In a September 4 letter, more than 50 people with a campaign known as StartupEquality.org urged the SEC to afford gay couples the same rights as straight couples to invest in private placements and other startups.
At issue is an SEC rule that defines who is eligible to participate in private stock offerings.
That rule says only "accredited investors" who meet certain income or net worth thresholds are eligible. Under the rule, a married couple can combine their incomes to meet the accredited investor definition.
In June, the U.S. Supreme Court ruled in a landmark decision that struck down a federal law that denied federal benefits to legally married gay and lesbian couples.
StartupEquality.org is concerned that gay couples in states that do not allow gay marriage could effectively be locked out of the start-up market.
As the rule is currently written, the investors said they fear couples joined in civil unions or domestic partnerships, rather than technically married, could be prevented from qualifying as "accredited investors."
"If you are not an 'accredited investor,' you are effectively shut out of early stage investing," the investors wrote.
StartupEquality.org's letter was submitted to the SEC in response to a July proposal to require hedge funds and other firms offering private stock deals to provide regulators with more information on the nature of their ads and steps they took to verify they were only advertising to qualified accredited investors.
Part of that proposal also asks the public to comment on whether changes are needed in the SEC's definition of accredited investor.
StartupQuality.org's letter urges the SEC to tweak its accredited investor rule to define the term "spouse" more broadly so that it will cover a domestic partner, designated beneficiary, husband or wife - regardless of gender or sexual orientation.
"This problem is urgent," the investors wrote.
"For the sake of justice, and to protect the integrity of capital formation for America's innovation economy, we respectfully urge you to adopt the clarifying rule."

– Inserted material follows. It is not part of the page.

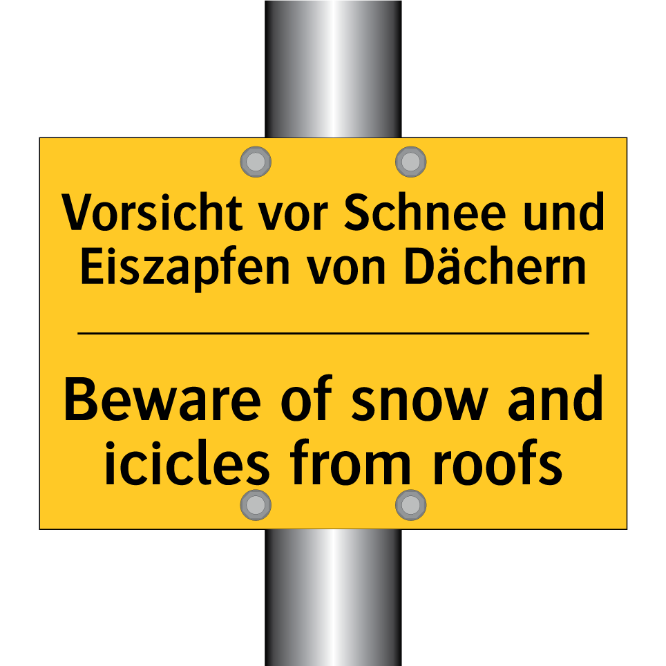Zweisprachiges Warnschild mit deutschem Text Vorsicht vor Schnee und Eiszapfen von Dächern und englischem Text Beware of snow and icicles from roofs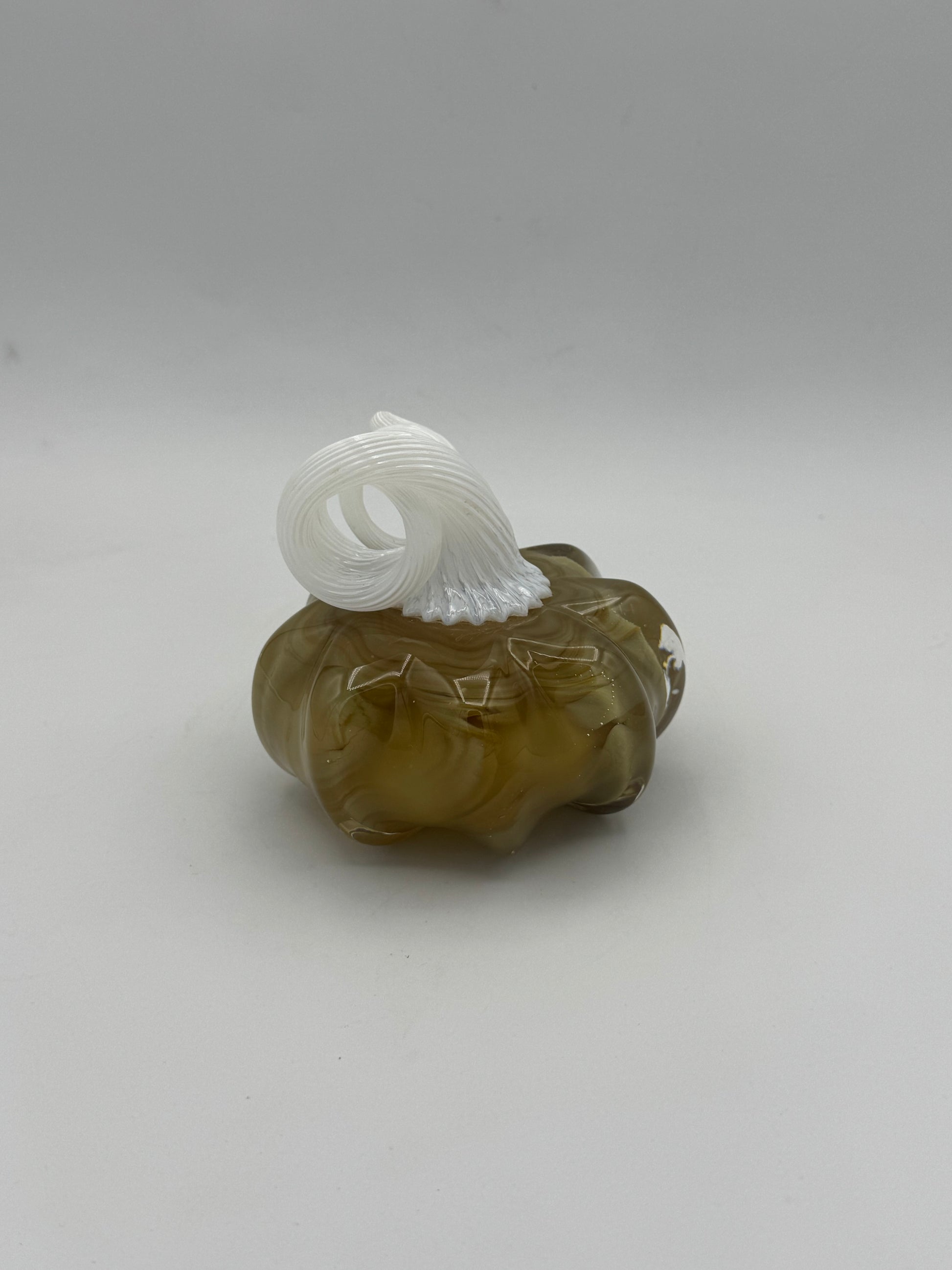 Celebrate autumn with our small handblown glass pumpkins made by our Project FIRE young artists. Each pumpkin is uniquely created and will vary slightly. Measures 4" x 4".

SEC spokesman John Nester declined to comment on the letter.
He noted that the 2010 Dodd-Frank Wall Street reform law requires the SEC to revisit and consider revisions to the accredited investor definition every four years.
The last change the SEC made to the definition was in 2011, after the agency moved to exclude the home value in the calculation of net worth.
By law, the SEC is not able to make changes to the definition of accredited investor until 2014.
It will likely consider making some changes next year, especially after the Government Accountability Office in July issued a report urging the SEC to modernize the accredited investor definition.